Let’s plot the normalized gene expression shifts and the perturbation match scores on a scatter plot. The genes along the diagonal and deviating from the point cloud around the origin are predicted to be causal for the cell state transition. Let’s label the gene names of a few strong predictions on the plot.

[6]:
fig, ax = plt.subplots(figsize=(4, 4), dpi=100)

ax.axhline(c='grey', lw=0.5)
ax.axvline(c='grey', lw=0.5)
ax.scatter(pert_match_df['gene_shift_z'], pert_match_df['pert_match_score'], s=1, rasterized=True)

label_df = pert_match_df[pert_match_df['perturbed_gene_name'].isin(
    ['EOMES', 'TBXT', 'EVX1', 'SNAI1', 'POU5F1', 'NANOG', 'PRDM14', 'DNMT3B'])]
for i, row in label_df.iterrows():
    plt.text(row['gene_shift_z'], row['pert_match_score'], row['perturbed_gene_name'],
             fontsize=8)

ax.set_xlabel('Gene expression shift (z-score)')
ax.set_ylabel('Perturbation match score')
[6]:
Text(0, 0.5, 'Perturbation match score')
../_images/tutorials_predict_causal_genes_for_cell_state_transitions_12_1.png

Here we can see that the EOMES, TBXT, EVX1 and SNAI1 are predicted to be the positive causal genes for the cell state transition.
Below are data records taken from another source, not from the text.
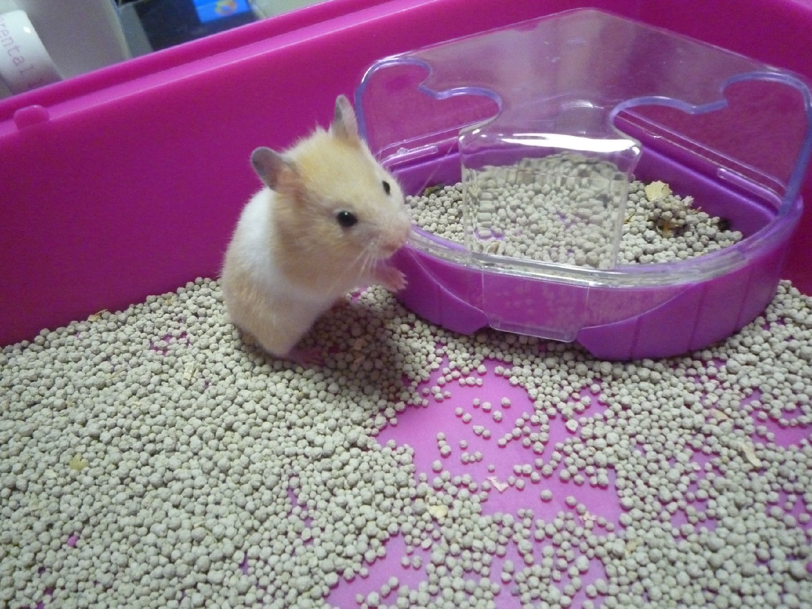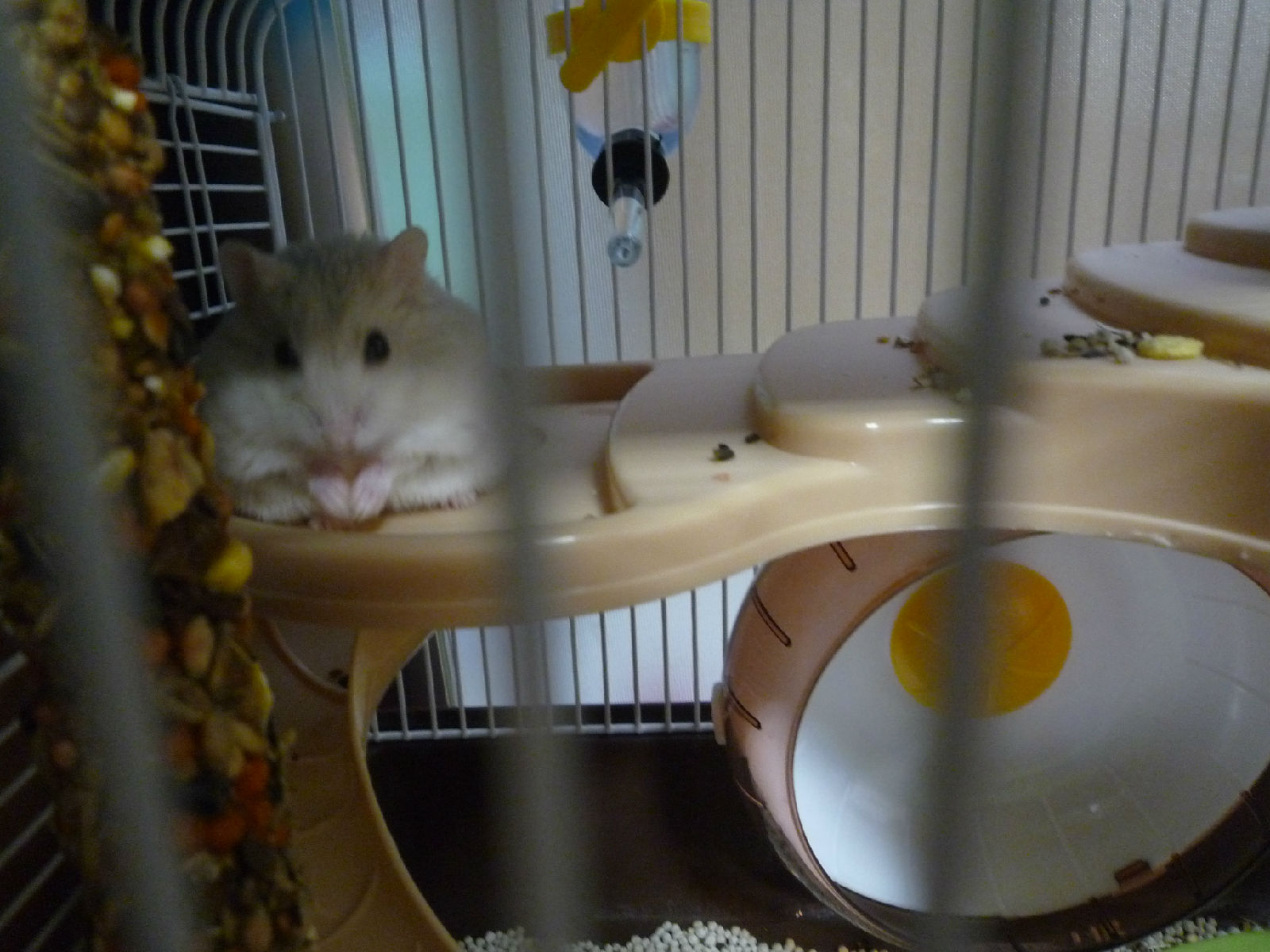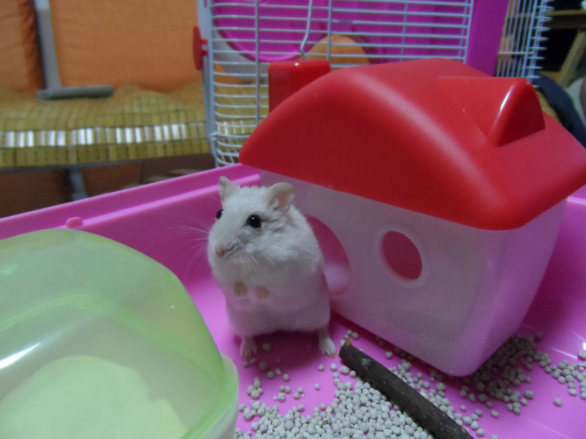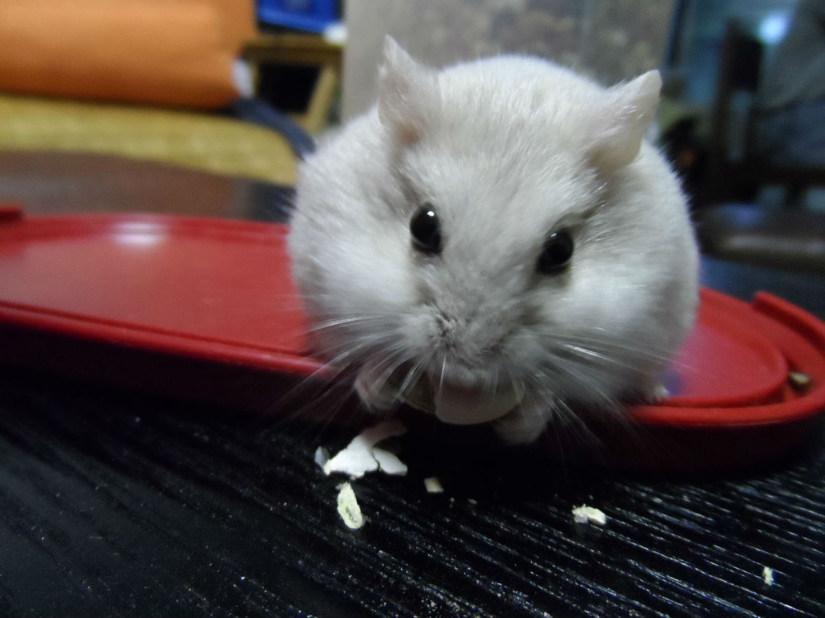 臭臭喜欢躲在窝里吃东西,在窝外面都是先藏在颊囊里。吃的照片不多。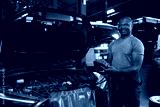 portrait mechanic worker fixing and checking a car air conditioning system in automobile repair shop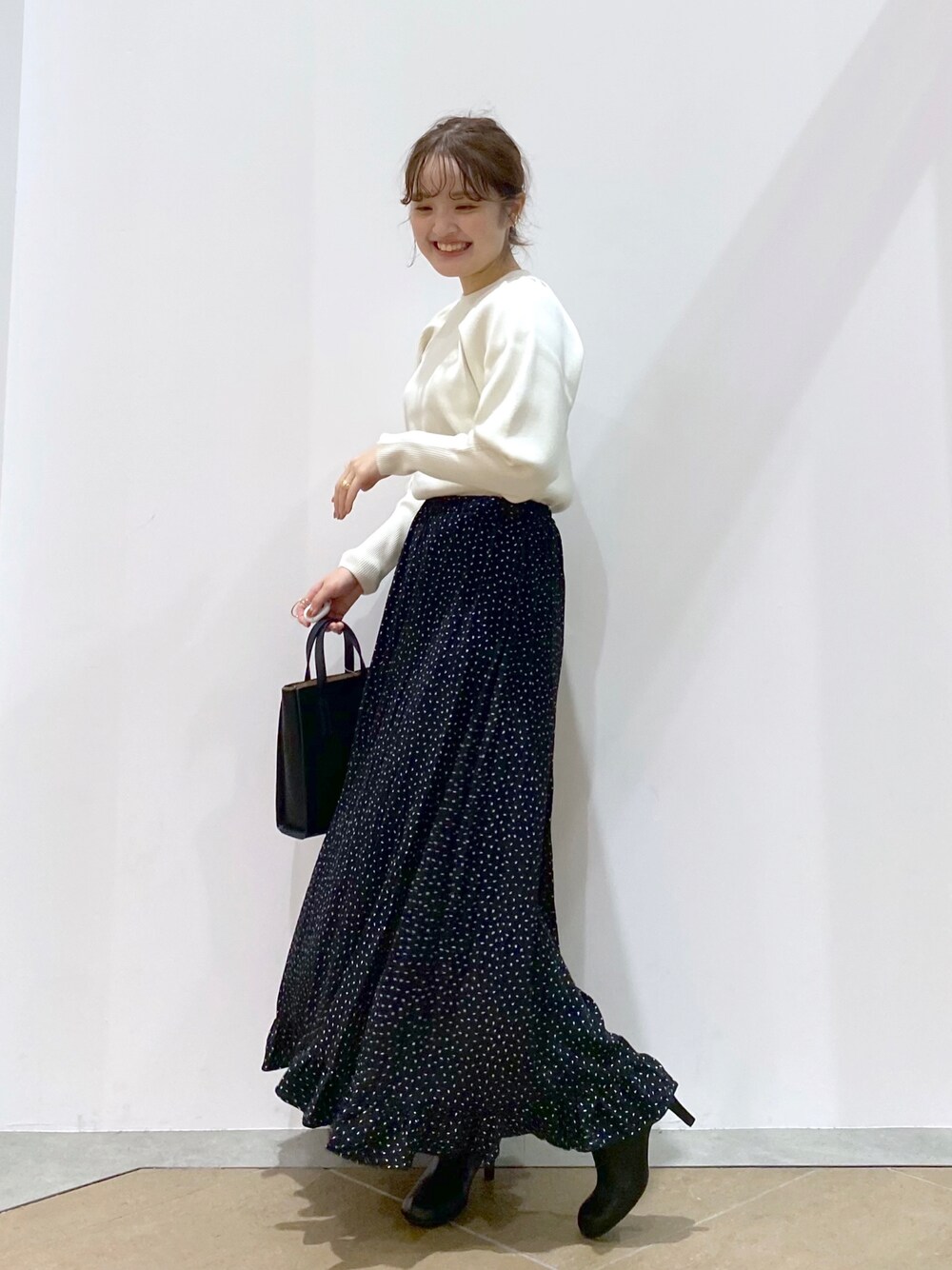 大人コーデです♡♡ モノトーンだけど、可愛らしくしてみました! スカートの落ち感が大人可愛い印象になります´ᴗ`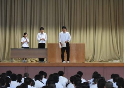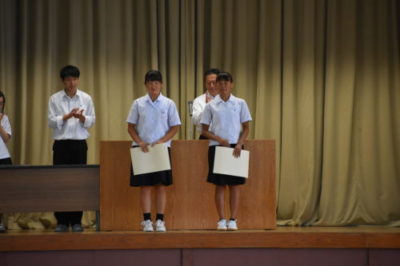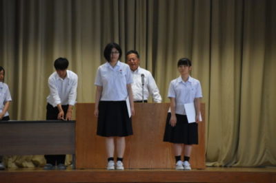 平成30年6月までの部活動等の大会で活躍した生徒の表彰が行われました。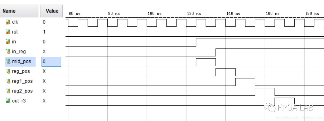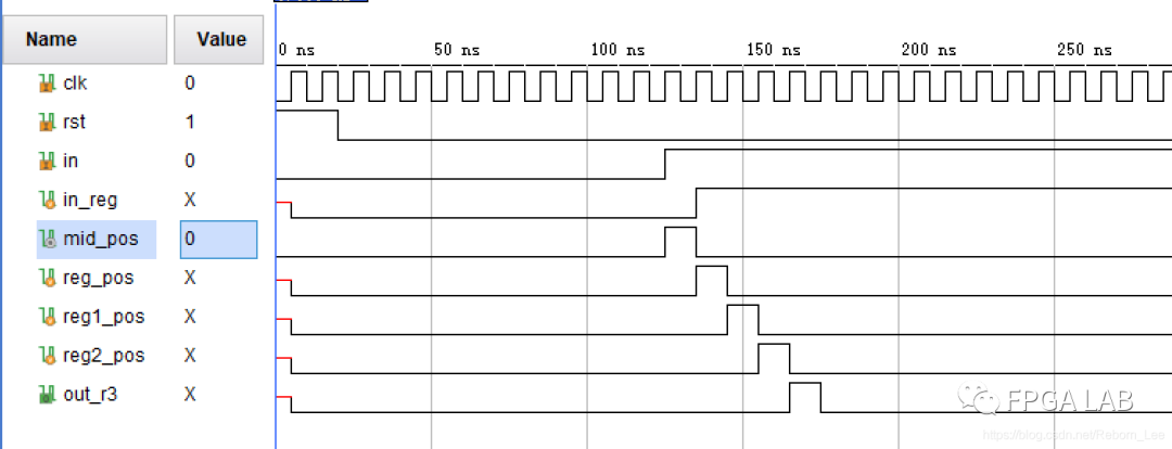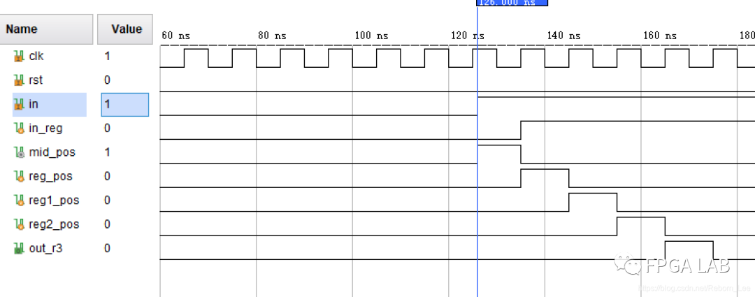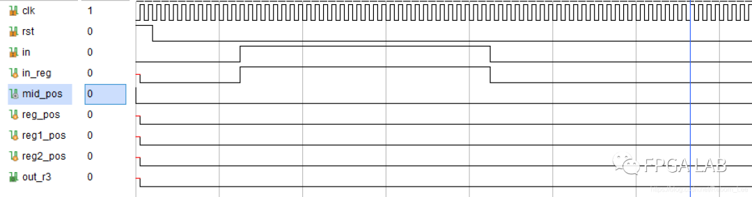 可见,得不到上升沿,这我们其实也能理解;由于是行为仿真,所以,一切都是理想的,不考虑延迟;我们使用阻塞赋值在时钟上升沿时刻给输入赋值,立即生效;固然,我们的时钟在上升沿采样的时候,得到in_reg和in是同边沿的,这样自然就得不到边沿了,后面延迟多拍也自然无用。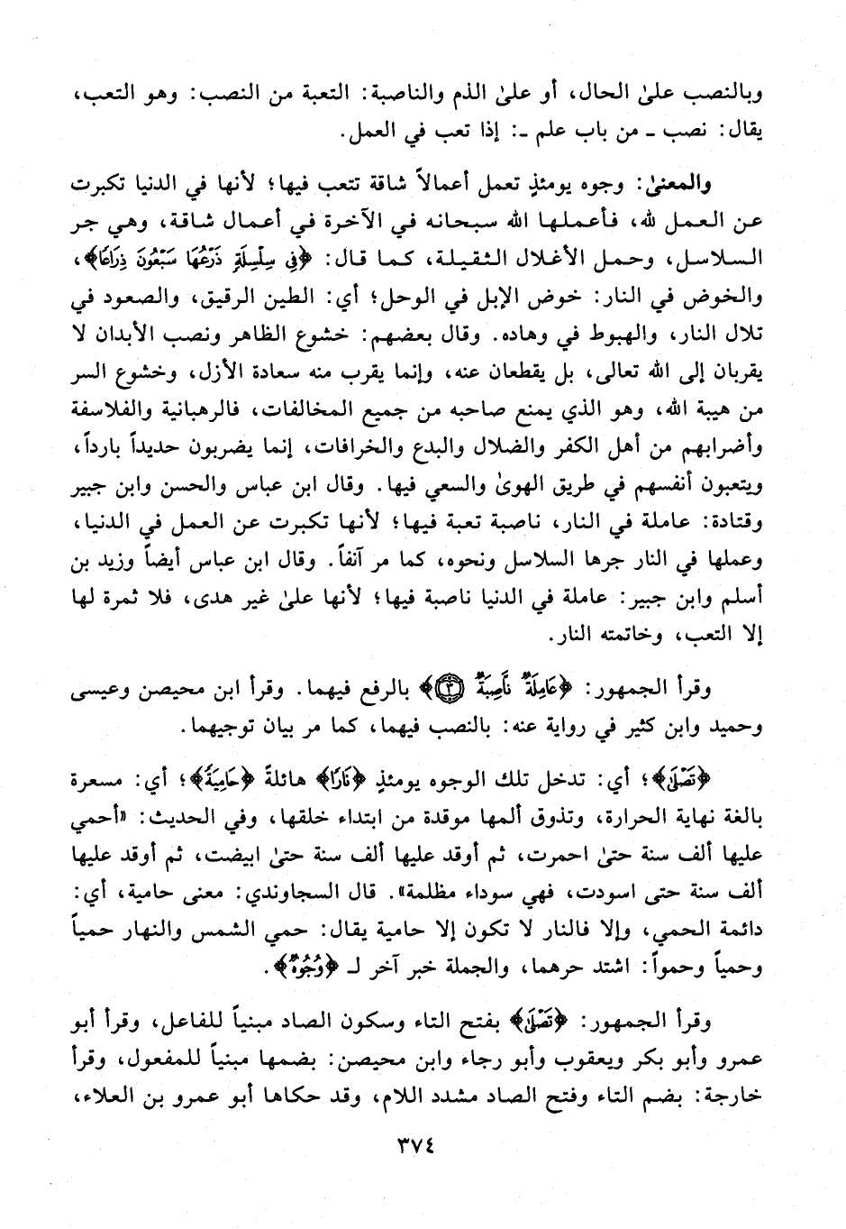 والمعنى: وجوه يومئذٍ تعمل أعمالًا شاقة تتعب فيها؛ لأنها في الدنيا تكبرت عن العمل لله، فأعملها الله سبحانه في الآخرة في أعمال شاقة، وهي جر السلاسل، وحمل الأغلال الثقيلة، كما قال: {فِي سِلْسِلَةٍ ذَرْعُهَا سَبْعُونَ ذِرَاعًا}، والخوض في النار: خوض الإبل في الوحل؛ أي: الطين الرقيق، والصعود في تلال النار، والهبوط في وهاده. وقال بعضهم: خشوع الظاهر ونصب الأبدان لا يقربان إلى الله تعالى، بل يقطعان عنه، وإنما يقرب منه سعادة الأزل، وخشوع السر من هيبة الله، وهو الذي يمنع صاحبه من جميع المخالفات، فالرهبانية والفلاسفة وأضرابهم من أهل الكفر والضلال والبدع والخرافات، إنما يضربون حديدًا باردًا، ويتعبون أنفسهم في طريق الهوى والسعي فيها. وقال ابن عباس والحسن وابن جبير وقتادة: عاملة في النار، ناصبة تعبة فيها؛ لأنها تكبرت عن العمل في الدنيا، وعملها في النار جرها السلاسل ونحوه، كما مر آنفًا. وقال ابن عباس أيضًا وزيد بن أسلم وابن جبير: عاملة في الدنيا ناصبة فيها؛ لأنها على غير هدى، فلا ثمرة لها إلا التعب، وخاتمته النار.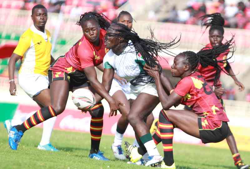 Grace Adhiambo (center) of is tackled by Uganda's dou Zindale Masuku (left) and Aphiwe Ngwevu during the 23rd Edition 2021 Safari 7s tournament at The Nyayo National stadium on Saturday. [Jonah Onyango, Standard] .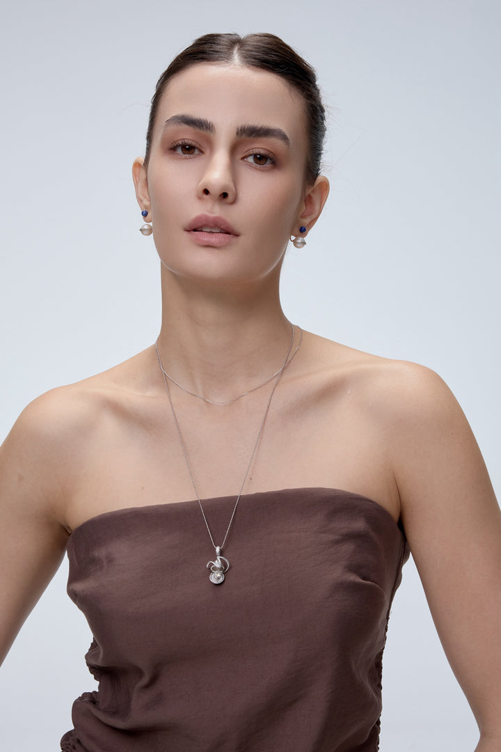 Orphic Egg Charm 吊墜,以銀蛋象徵宇宙起源,靈蛇纏繞其外,守護你的內在力量。銀蛋內藏代表專屬星座能量的天然寶石,喚醒內在宇宙,慶祝屬於你的誕生與蛻變。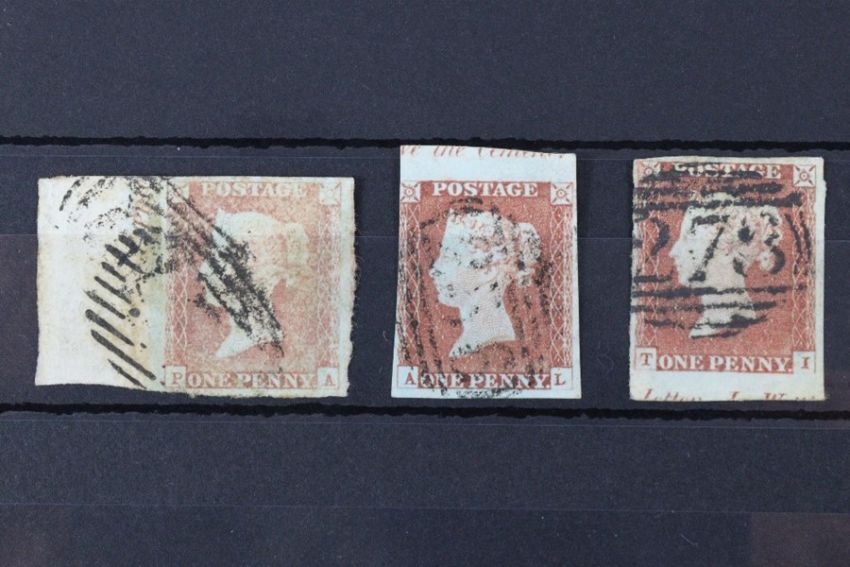 GB 1841 1d reds each showing parts of the marginal inscription.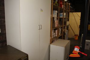 DOUBLE DOOR WHITE CLEANERS CABINET WITH CONTENTS, 2420mm x 1200mm x 470mm & 2 DOOR CABINET 750mm x 790MM X 470MM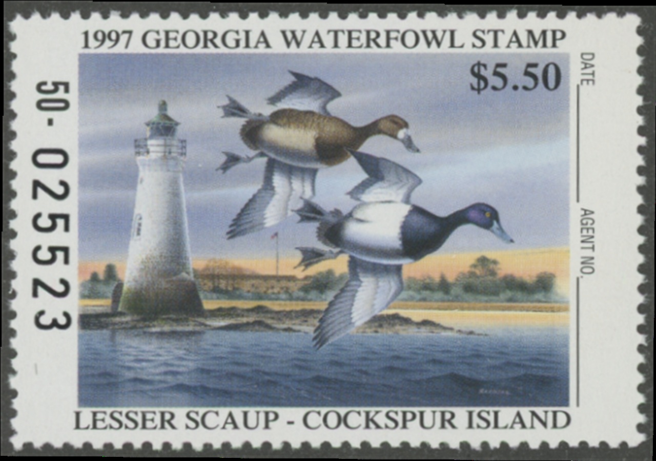GA13 1997 State Duck Stamp. Mint Never Hinged. Very Fine. A Pair of Lesser Scaup by Jerry Raedeke.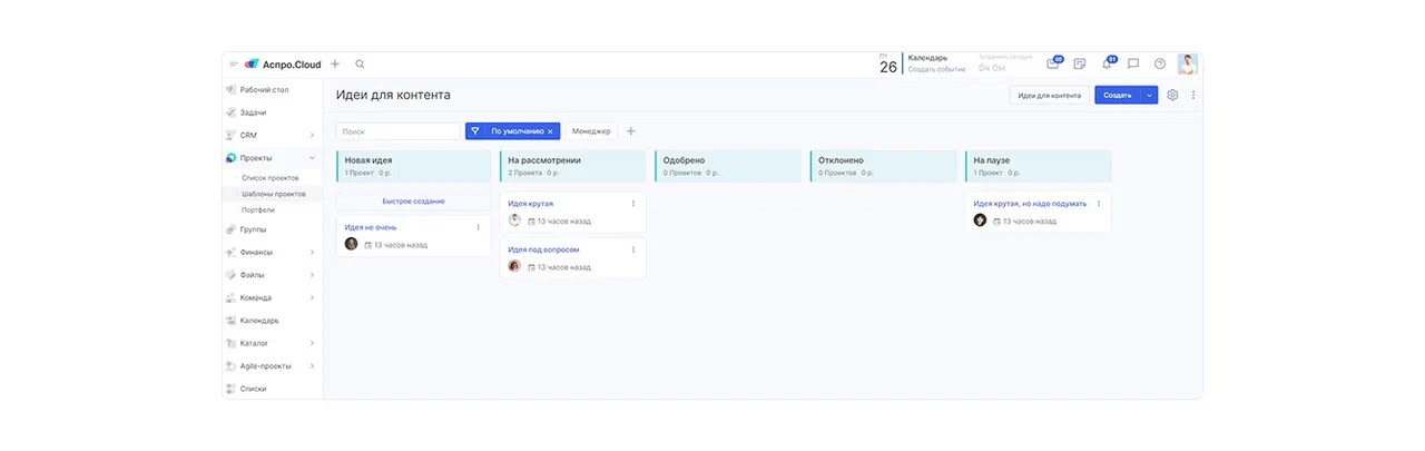 Создали систему шаблонов проектов для каждого этапа производства. Разработали специальный шаблон "Идея" для оценки и отбора креативных концепций.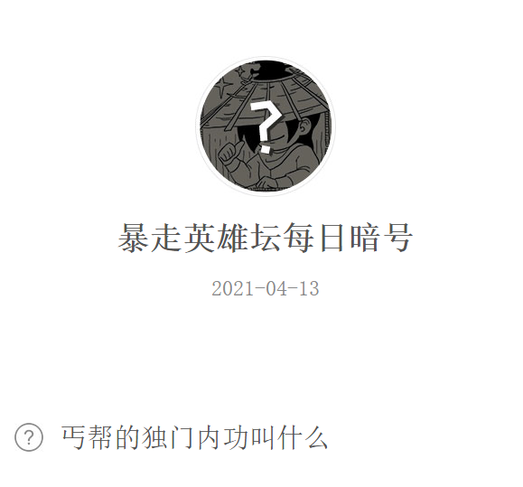 《暴走英雄坛》游戏中有很多的门派,每个门派都有自己独特的内功心法,今日《暴走英雄坛》微信每日暗号是:丐帮的独门内功叫什么?下面小编就给大家带来《暴走英雄坛》2021年4月13日微信每日暗号答案分享,一起来看看吧!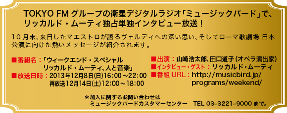 TOKYO FMグループの衛星デジタルラジオ「ミュージックバード」で、リッカルド・ムーティ独占単独インタビュー放送! 10月末、来日したマエストロが語るヴェルディへの深い思い、そしてローマ歌劇場日本公演に向けた熱いメッセージが紹介されます。 ■番組名:「ウィークエンド・スペシャル リッカルド・ムーティ、人と音楽」 ■放送日時:2013年12月8日(日)16:00~22:00 再放送12月14日(土)12:00~18:00 ■出演:山崎浩太郎、田口道子(オペラ演出家) ■インタビュー・ゲスト:リッカルド・ムーティ ■番組URL : http://musicbird.jp/programs/weekend/ *加入に関するお問い合わせは ミュージックバードカスタマーセンター TEL 03–3221–9000まで。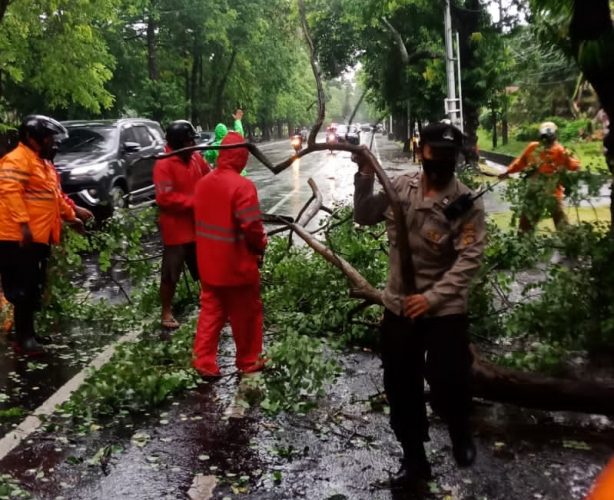 Terjadi pohon tumbang (pohon Santan berdiameter 30cm) sekira pukul 07 Wita, di Jalan Drupadi XIII Dentim, pohon tumbang menimpa kabel PLN dan menghalangi jalan.

Indeed, these are transcription factors known to be crucial for primitive streak and mesoderm development. The transcription factors POU5F1 and NANOG, which are responsible for maintaining the pluripotency state, are predicted to be negative causal genes.